On the merits, Valley makes three contentions: 1.) that the Commission has no statutory authority to regulate CATV; 2.) that the Commission has no authority to issue a cease and desist order against persons not licensed by it, such as Valley; and 3.) that assuming that the Commission has such authority, the exercise of that authority against Valley was arbitrary and capricious and deprived Valley of due process of law.

The first question has been answered by the Supreme Court in Southwestern Cable Co., supra, which holds that the Commission does have authority to regulate CATV. The case involved the same regulations as are here involved,1 The other questions we do not decide, because we conclude that exclusive jurisdiction of these cases is in the Court of Appeals for the District of Columbia Circuit.

Section 402 makes it clear that jurisdiction of the District of Columbia Circuit over cases mentioned in subsection (b) is exclusive.

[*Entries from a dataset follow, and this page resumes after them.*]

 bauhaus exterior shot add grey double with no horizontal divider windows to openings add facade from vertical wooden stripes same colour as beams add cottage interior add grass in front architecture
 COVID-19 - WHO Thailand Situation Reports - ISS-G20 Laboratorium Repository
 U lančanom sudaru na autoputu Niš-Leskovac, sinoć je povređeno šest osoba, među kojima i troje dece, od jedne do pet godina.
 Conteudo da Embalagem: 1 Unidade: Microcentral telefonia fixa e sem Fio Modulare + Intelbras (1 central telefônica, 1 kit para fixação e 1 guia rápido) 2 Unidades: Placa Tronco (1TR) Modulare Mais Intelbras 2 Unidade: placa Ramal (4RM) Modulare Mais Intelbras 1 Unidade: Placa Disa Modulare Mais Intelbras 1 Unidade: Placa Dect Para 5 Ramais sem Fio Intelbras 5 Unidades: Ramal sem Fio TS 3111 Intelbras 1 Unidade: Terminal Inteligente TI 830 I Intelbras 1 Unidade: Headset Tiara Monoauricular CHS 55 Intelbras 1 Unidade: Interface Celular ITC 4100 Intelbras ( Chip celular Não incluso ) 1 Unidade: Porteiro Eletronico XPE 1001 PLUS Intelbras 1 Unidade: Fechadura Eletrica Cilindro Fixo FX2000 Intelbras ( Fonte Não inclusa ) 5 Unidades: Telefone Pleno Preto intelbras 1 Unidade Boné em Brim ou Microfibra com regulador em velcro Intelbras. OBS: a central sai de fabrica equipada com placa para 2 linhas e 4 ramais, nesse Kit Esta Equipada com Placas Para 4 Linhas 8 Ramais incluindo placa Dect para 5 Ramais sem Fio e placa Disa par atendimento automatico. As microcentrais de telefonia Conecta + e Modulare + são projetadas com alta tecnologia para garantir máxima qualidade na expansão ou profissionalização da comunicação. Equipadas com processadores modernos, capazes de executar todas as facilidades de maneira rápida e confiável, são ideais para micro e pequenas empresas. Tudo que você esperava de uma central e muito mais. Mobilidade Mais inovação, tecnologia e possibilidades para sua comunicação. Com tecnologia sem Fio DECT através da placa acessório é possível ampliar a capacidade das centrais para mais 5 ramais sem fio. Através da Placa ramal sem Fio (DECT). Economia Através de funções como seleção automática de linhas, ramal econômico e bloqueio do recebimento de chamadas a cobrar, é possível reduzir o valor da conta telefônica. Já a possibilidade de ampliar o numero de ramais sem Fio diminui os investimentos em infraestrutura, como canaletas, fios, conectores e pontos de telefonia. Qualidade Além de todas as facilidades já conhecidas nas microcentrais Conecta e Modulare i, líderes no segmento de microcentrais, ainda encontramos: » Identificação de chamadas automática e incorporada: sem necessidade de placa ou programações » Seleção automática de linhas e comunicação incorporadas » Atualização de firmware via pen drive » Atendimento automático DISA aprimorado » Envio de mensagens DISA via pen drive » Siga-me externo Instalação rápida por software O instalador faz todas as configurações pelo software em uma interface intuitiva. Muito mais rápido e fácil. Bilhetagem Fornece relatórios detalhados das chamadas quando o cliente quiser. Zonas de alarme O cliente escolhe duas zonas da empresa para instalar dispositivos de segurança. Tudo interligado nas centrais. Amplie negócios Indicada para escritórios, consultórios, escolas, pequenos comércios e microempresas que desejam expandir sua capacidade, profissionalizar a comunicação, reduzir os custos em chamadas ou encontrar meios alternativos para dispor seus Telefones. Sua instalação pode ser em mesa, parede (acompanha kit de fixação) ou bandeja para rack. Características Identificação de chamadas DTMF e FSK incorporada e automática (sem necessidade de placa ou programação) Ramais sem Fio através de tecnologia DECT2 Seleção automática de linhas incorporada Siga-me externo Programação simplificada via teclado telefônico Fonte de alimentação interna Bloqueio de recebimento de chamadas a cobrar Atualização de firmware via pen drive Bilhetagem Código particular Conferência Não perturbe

Section 402(a) provides that “[a]ny proceeding to enjoin, set aside, annul, or suspend any order of the Commission * * * (except those appealable under subsection (b) of this section) shall be brought as provided by * * * [now chapter 158 of Title 28].” Subsection (b) provides, inter alia, for an appeal to the District of Columbia Circuit “(7) By any person upon whom an order to cease and desist has been served under section 312 of this title.” The pertinent decisions hold or say, and we agree, that this remedy is exclusive.2

Valley urges that the word “person” in subsection (b) (7) does not include a non-licensee of the Commission, such as Valley. This argument we reject, for several reasons.

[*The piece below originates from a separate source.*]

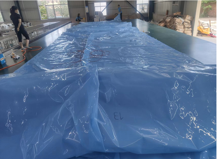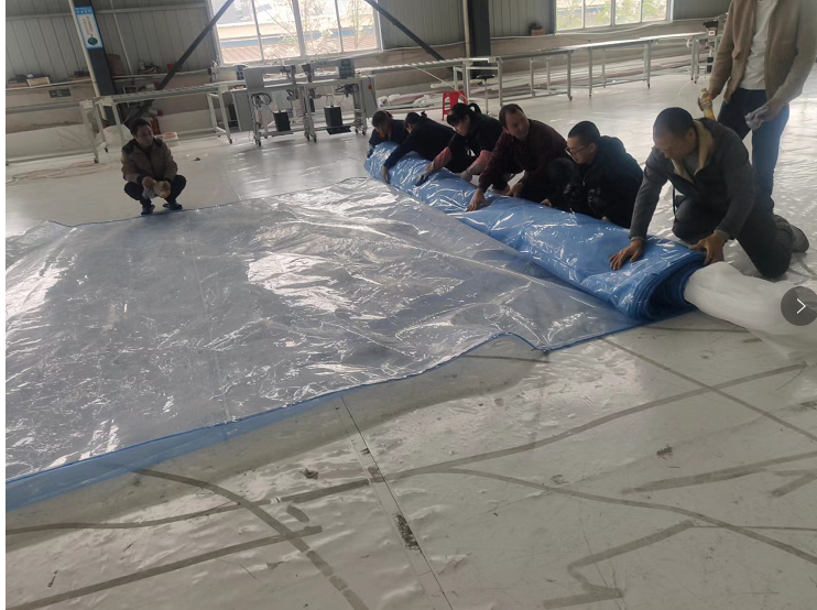 焊接完成,人工收卷,200平方一個(gè)氣枕,用了8個(gè)才卷起來。
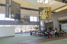 Seated guests in white chairs look and listen to a speaker who is on the far right, while a black and white picture banner of an African-American soldier hangs from the rafters above them all.

First, assuming that the Commission does not have authority to issue a cease and desist order against a non-licensee under section 312, nevertheless, that is what the Commission has done. And we think that the Congress meant that such a decision is to be reviewed only by ap[514]*514peal to the District of Columbia Circuit under section 402(b) (7). The word “person”, in its natural meaning, covers anyone, licensee or not. It is defined in 47 U.S.C. § 153(i): “‘Person’ includes an individual, partnership, association, joint stock company, trust or association.” In contrast, section 153(c) defines “licensee” as “the holder of a radio station license granted or continued in force under authority of this chapter.” Congress must be presumed to have used the word “person” in § 402(b) (7) intentionally, and with the meaning given it in § 153 (i).

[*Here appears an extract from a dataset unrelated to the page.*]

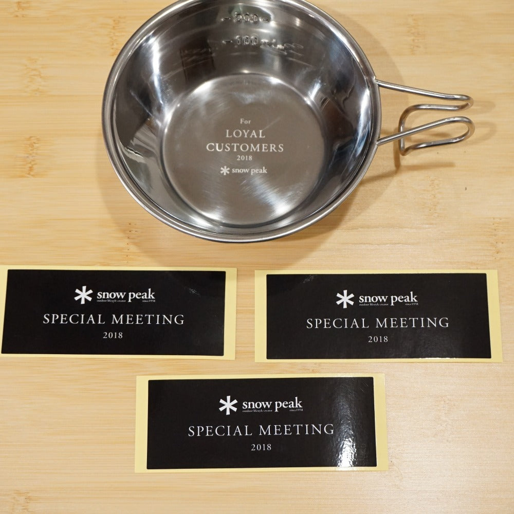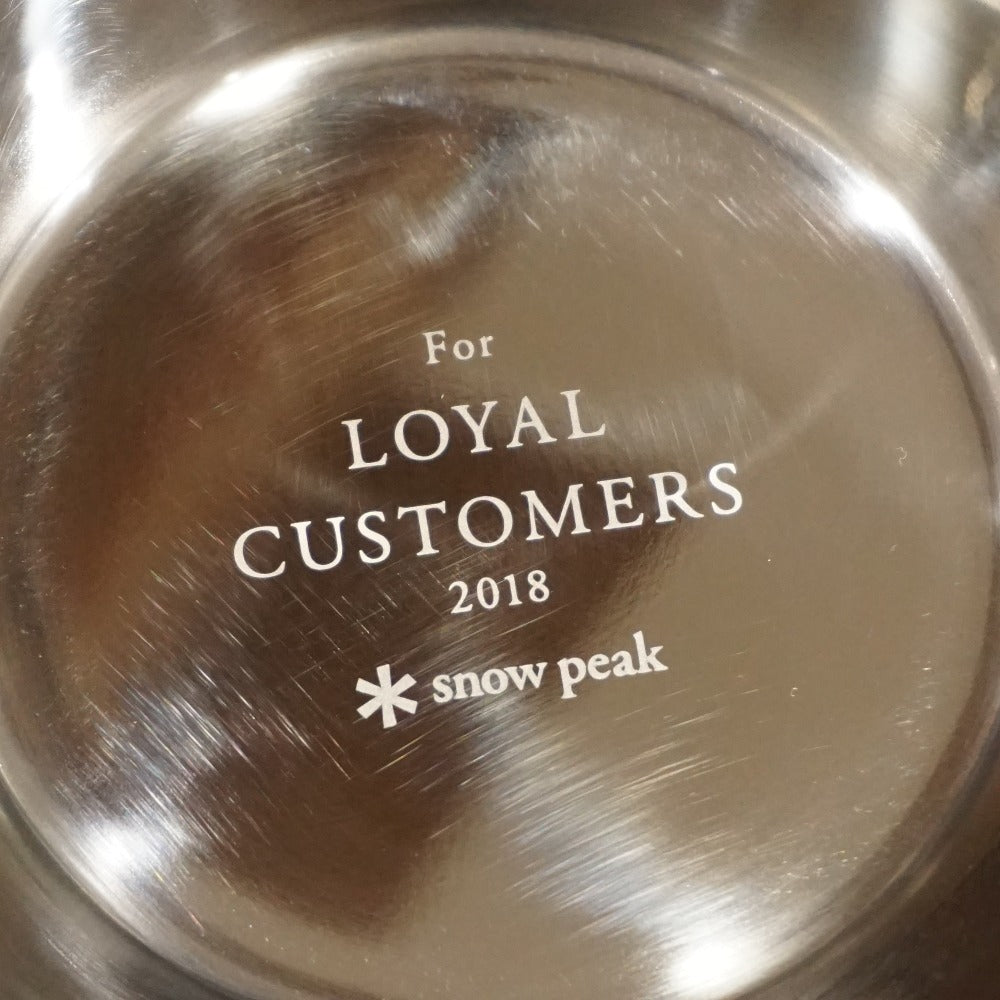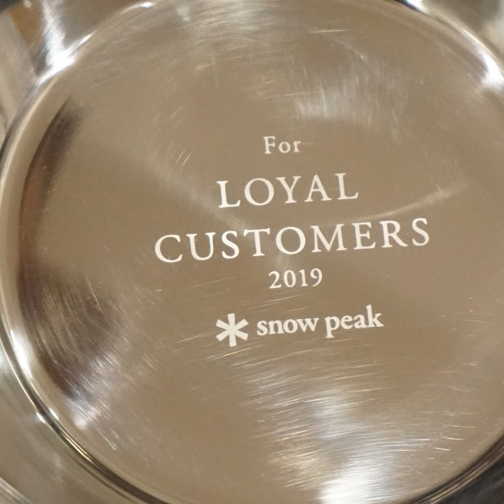 | 商品説明 | スノーピークのロイヤルカスタマーミーティングの記念品です。 ミラーポリッシュ加工されたシェラカップで、底に記念のレーザーマーキングが施されています。 ※ロイヤルカスタマーミーティングのステッカーはすべて2018年度のものになります。 |
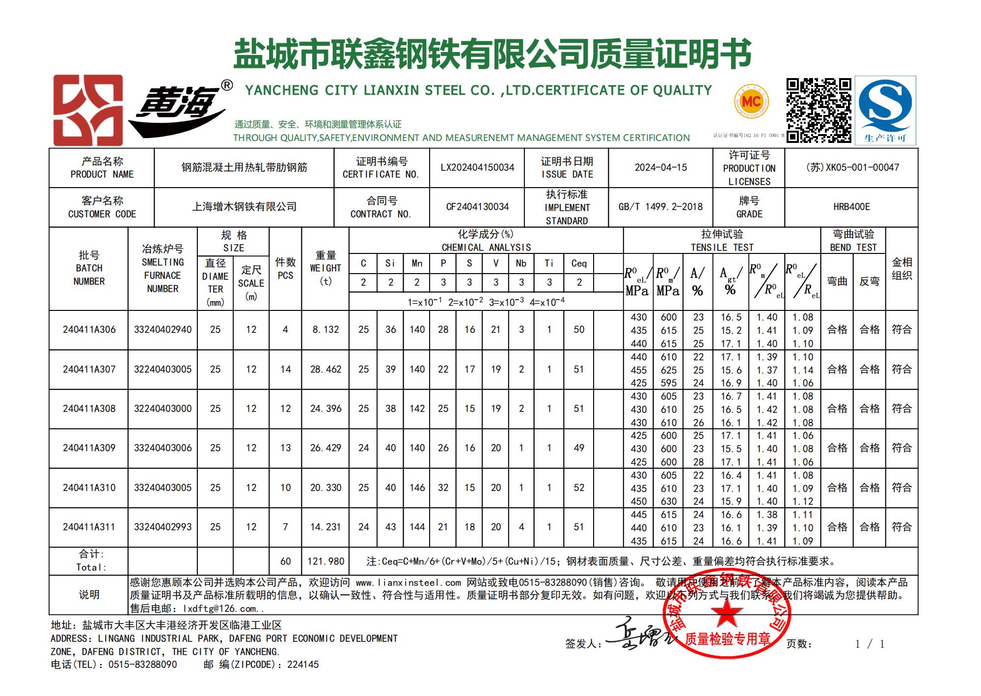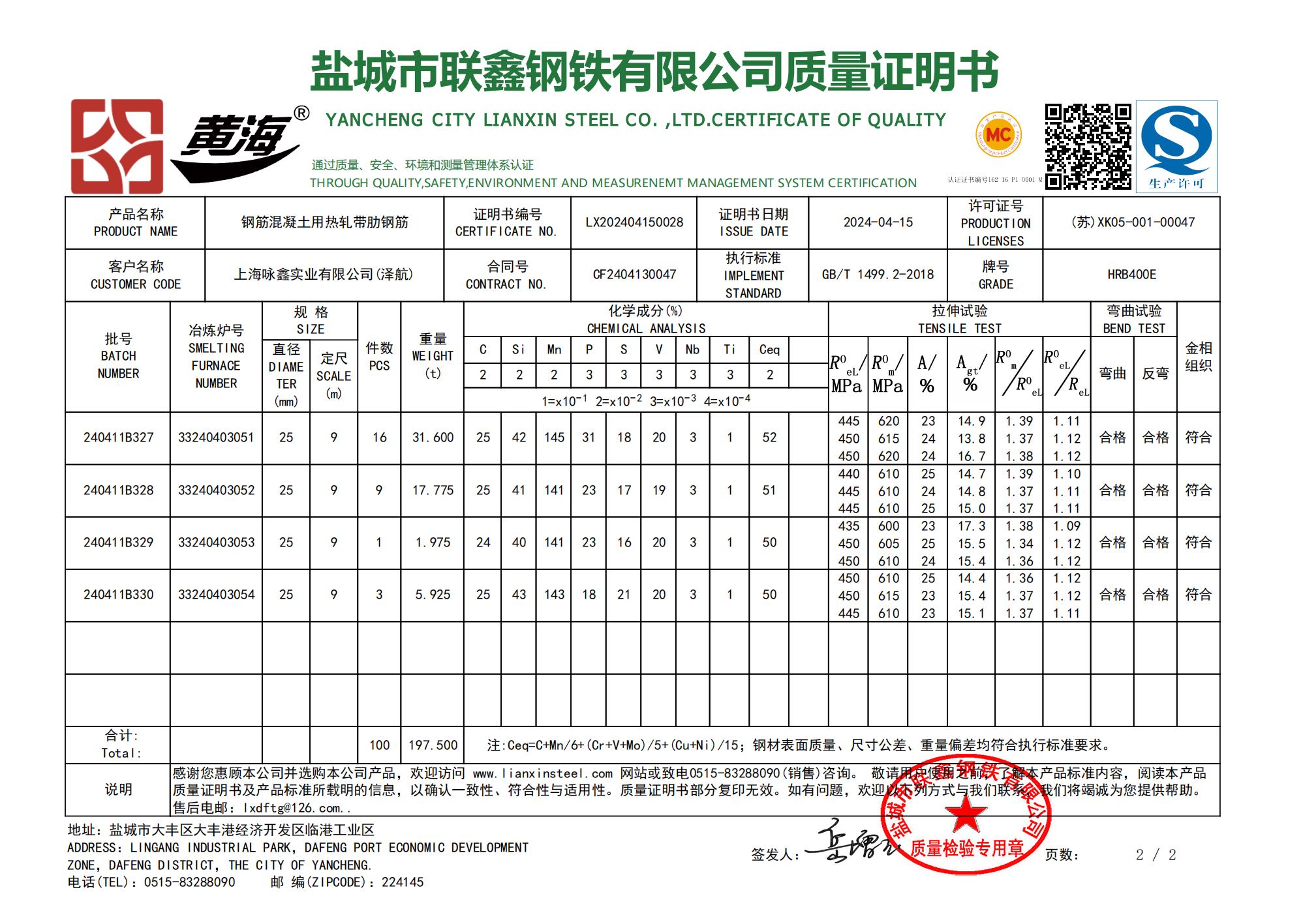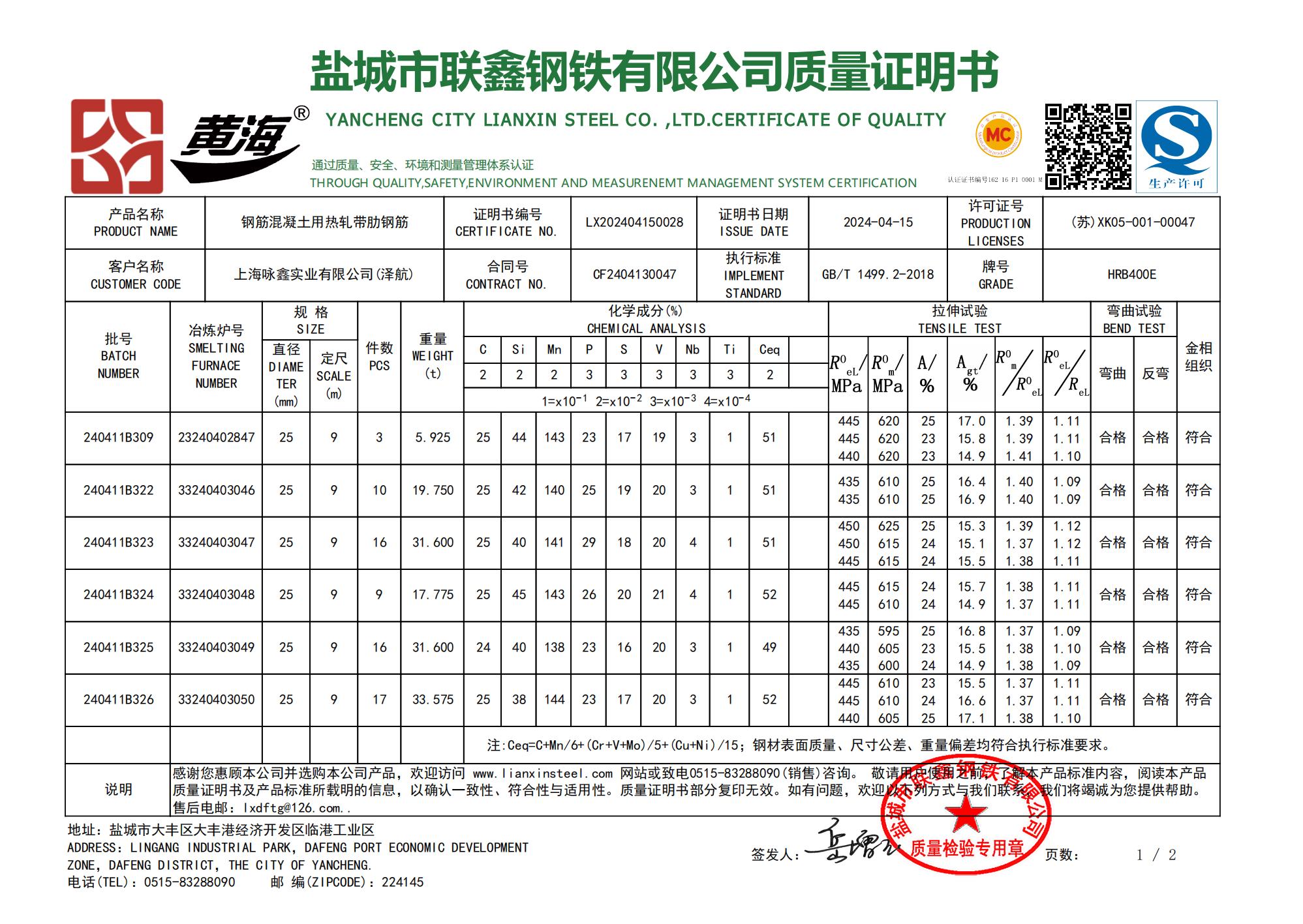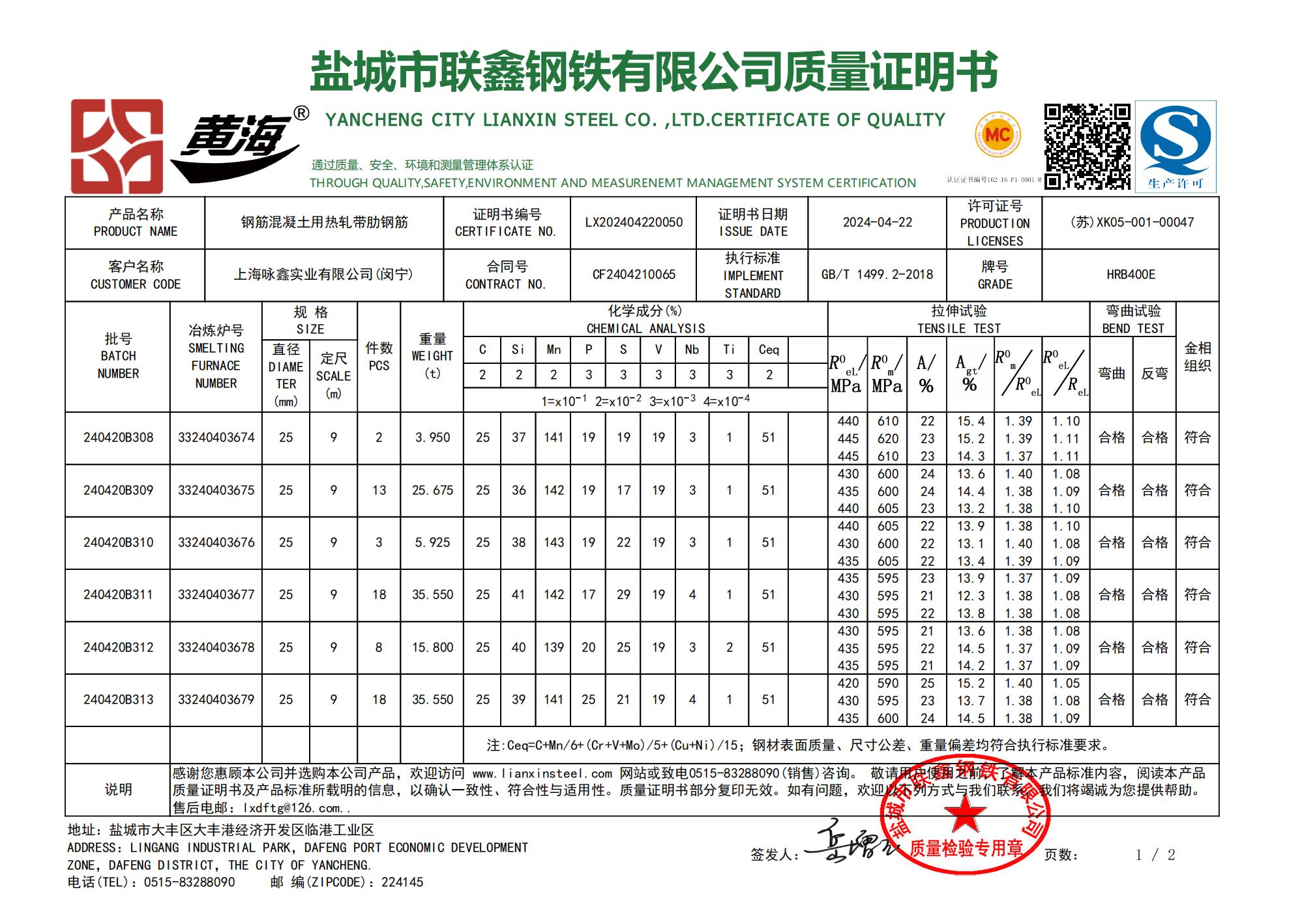 盐城市联鑫钢铁有限公司质量证明书上海咏鑫实业有限公司(泽航)感谢您惠顾本公司并选购本公司产品,欢迎访问www.lianxinsteel.com网站或致电0515-8328090(销售)咨询。敬请用总使用之前,了解本产品标准内容,阅读本产品

Second, Valley’s contention could produce unnecessary and confusing results. Thus, if this court were to hold that it does have jurisdiction because Valley is not a licensee, and also to hold, on the merits, that the Commission does not have authority to issue a cease and desist order against a non-licensee, presumably it would be our duty to set the order of the Commission aside. If, however, we held on the merits that the Commission does have such authority, would we not then be without jurisdiction to proceed further, remitting Valley to an appeal to the District of Columbia Circuit? And if the case were then heard in the Court of Appeals for that Circuit, would it be bound by our decision? These practical considerations lend support to our view that Congress intended that all attacks on cease and desist orders of the Commission, on whatever ground, must be by appeal to the District of Columbia Circuit under § 402(b) (7). We are no more in favor of unseemly conflict than is the Court of Appeals for the District of Columbia.

Third, the language of section 312 appears to give the Commission jurisdiction to issue a cease and desist order against a non-licensee.